Bose fluids and positive solutions to weakly coupled systems with critical growth in dimension two

TL;DR

This paper establishes the existence of positive ground state solutions for a coupled Bose-Einstein system with critical exponential nonlinearities in two dimensions using variational methods.

Contribution

It proves the existence of positive solutions for a weakly coupled system with critical exponential growth in 2D, extending variational techniques to this setting.

Findings

Existence of positive ground state solutions in 2D for Bose-Einstein systems.

Solutions are obtained under various signs and magnitudes of the coupling parameter.

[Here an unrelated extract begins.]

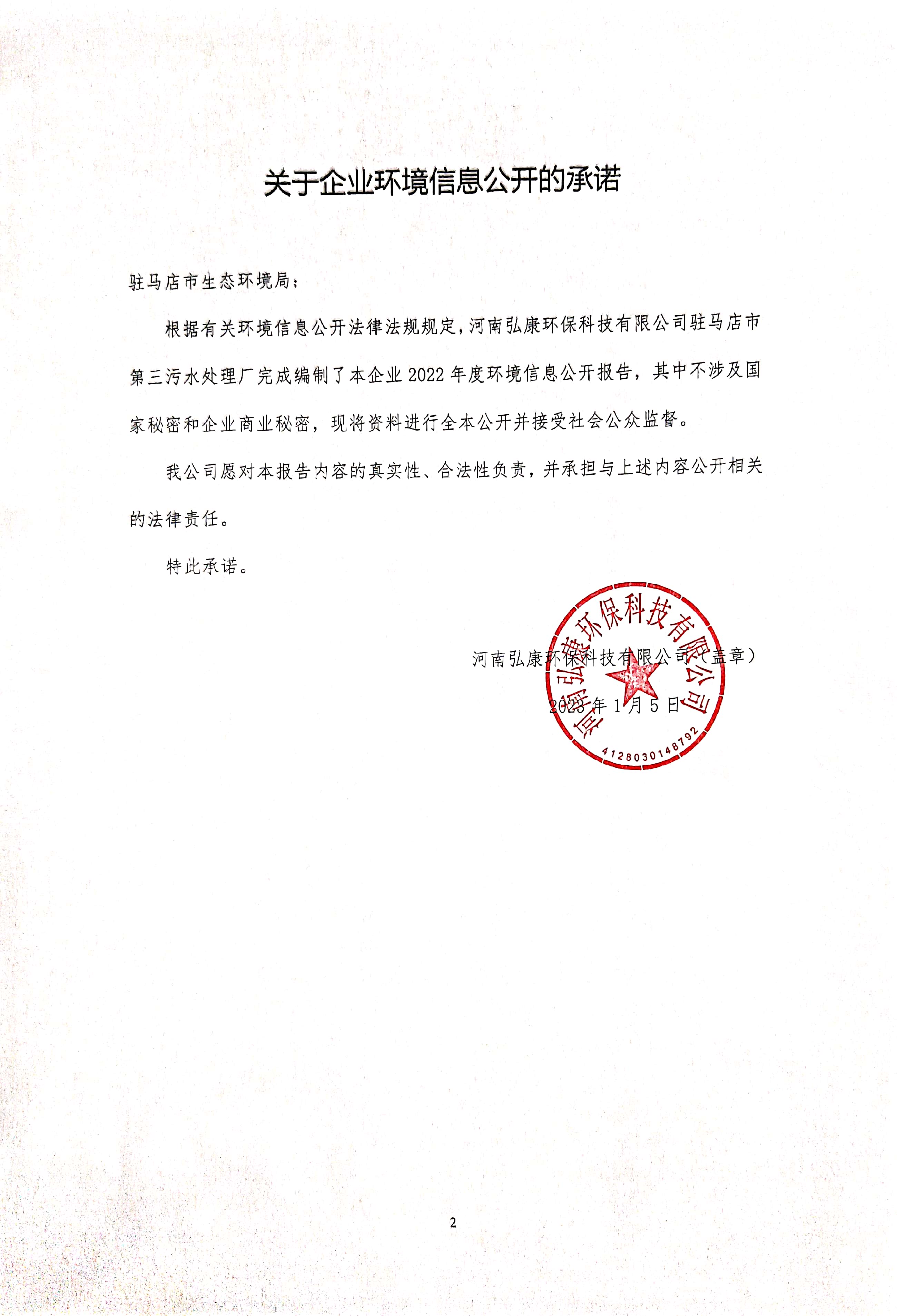 河南弘康環(huán)??萍加邢薰抉v馬店市第三污水處理廠2022年度環(huán)境信息公開報(bào)告

The system's nonlinearities are of critical exponential type, similar to higher-dimensional power nonlinearities.

Abstract

We prove, using variational methods, the existence in dimension two of positive vector ground states solutions for the Bose-Einstein type systems \begin{equation} \begin{cases} -\Delta u+\lambda_1u=\mu_1u(e^{u^2}-1)+\beta v\left(e^{uv}-1\right) \text{ in } \Omega, &\\ -\Delta v+\lambda_2v=\mu_2v(e^{v^2}-1)+\beta u\left(e^{uv}-1\right)\text{ in } \Omega, &\\ u,v\in H^1_0(\Omega) \end{cases} \end{equation} where $\Omega$ is a bounded smooth domain, $\lambda_1,\lambda_2>-\Lambda_1$ (the first eigenvalue of $(-\Delta,H^1_0(\Omega))$, $\mu_1,\mu_2>0$ and $\beta$ is either positive (small or large) or negative (small). The nonlinear interaction between two Bose fluids is assumed to be of critical exponential type in the sense of J. Moser. For `small' solutions the system is asymptotically equivalent to the corresponding one in higher dimensions with power-like nonlinearities.